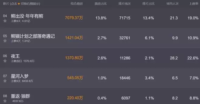 还有《熊出没》,票房守门员的熊设不倒,日票房比《熊出没》还低的春片子,就是被春节档淘汰出局了。
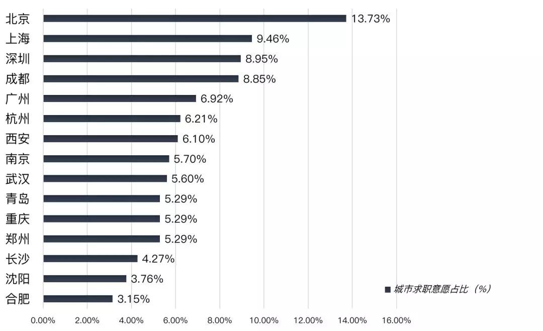 2018年高校毕业生求职热门城市TOP15
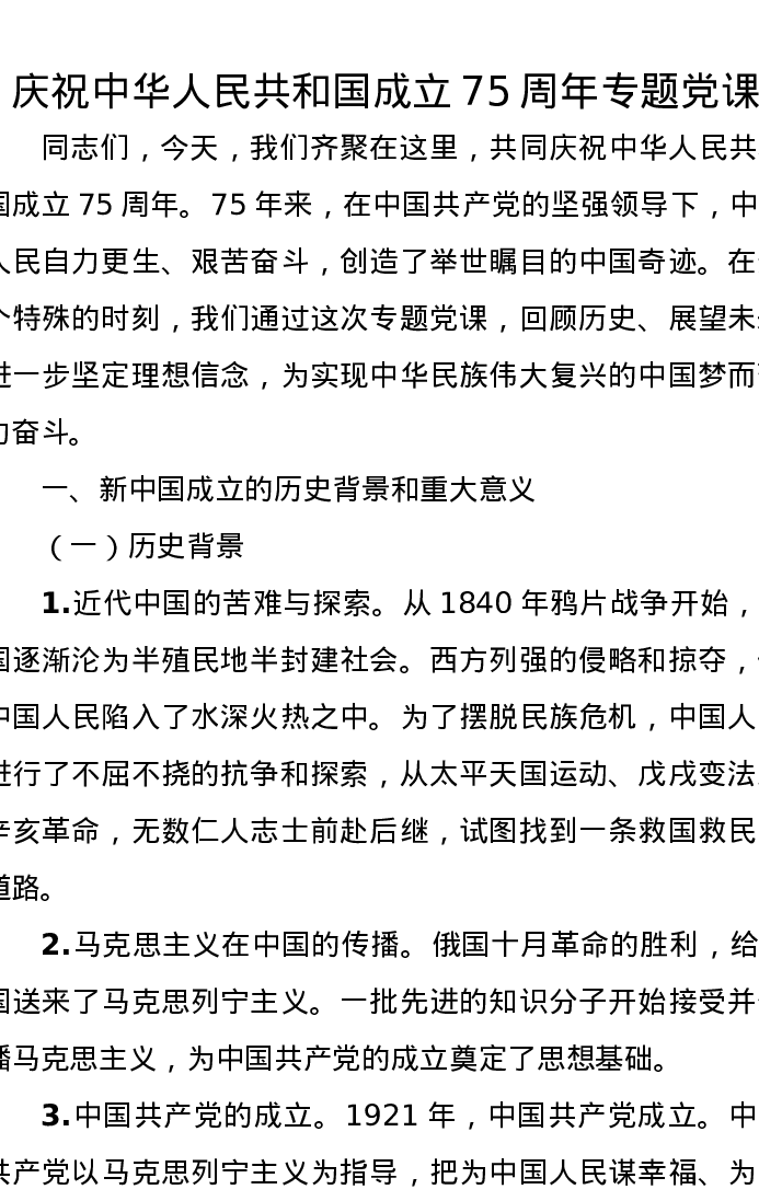 庆祝中华人民共和国成立75周年专题党课讲稿
-.-.-
EXERCISE DIRECTIONS: Copy each line above exactly, with no images.

COMPLETED TASK:
 还有《熊出没》,票房守门员的熊设不倒,日票房比《熊出没》还低的春片子,就是被春节档淘汰出局了。
 2018年高校毕业生求职热门城市TOP15
 庆祝中华人民共和国成立75周年专题党课讲稿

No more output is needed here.